Frequently Asked Questions

Can I fine tune Llama 3 on a CPU or Mac?

While it is technically possible to perform fine-tuning on Apple Silicon (M-series Macs) using MLX, standard PyTorch/CUDA-based fine-tuning requires an NVIDIA GPU. CPU fine-tuning is exponentially too slow to be practical and is highly discouraged.

How much data do I need to fine tune Llama 3 locally?

For instruction fine-tuning to adopt a specific tone or format, 500 to 1,000 high-quality examples are sufficient. For injecting complex new domain knowledge, you will need 2,000 to 10,000 highly diverse examples.
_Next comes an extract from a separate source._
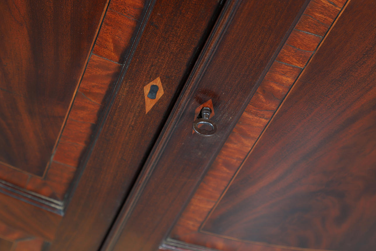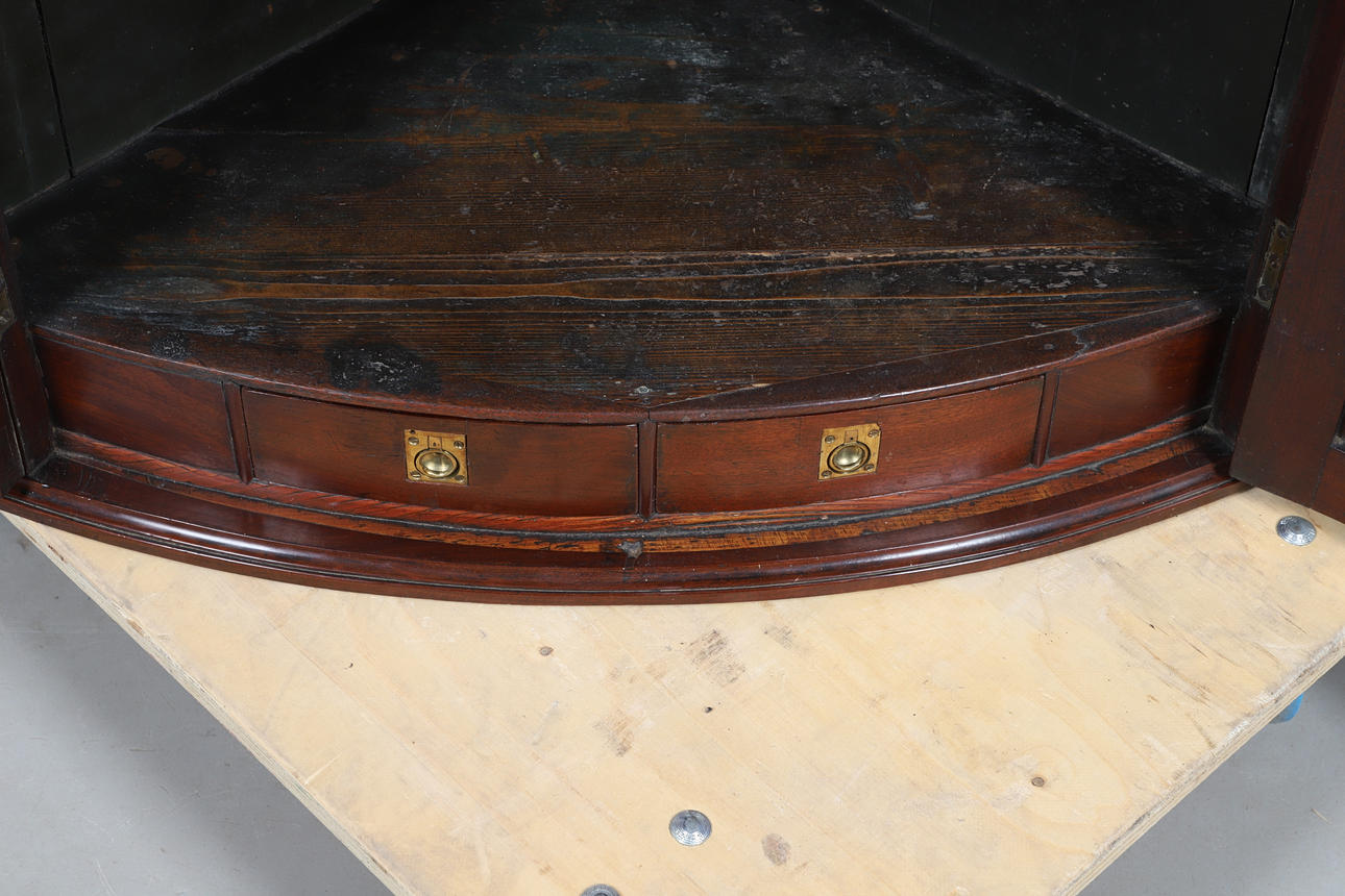 4360843. AN INLAID MAHOGANY CORNER CUPBOARD.

What is the difference between RAG and fine-tuning?

Retrieval-Augmented Generation (RAG) connects an AI to external documents to look up facts, making it better for rapidly changing data. Fine-tuning bakes the knowledge and stylistic behavior directly into the model’s weights, making it faster and better at specific tasks but harder to update.

Why is my fine-tuned model outputting gibberish?

Gibberish output usually results from incorrect chat template formatting during training, using a learning rate that is too high, or failing to merge the LoRA adapters correctly with the exact base model version used during training.

How long does local fine-tuning take?

Training time depends heavily on dataset size and GPU hardware. Fine-tuning Llama 3 8B on 1,000 examples with an RTX 4090 using Unsloth typically takes less than 20 minutes. Older GPUs like the RTX 3060 may take 1 to 2 hours for the same task.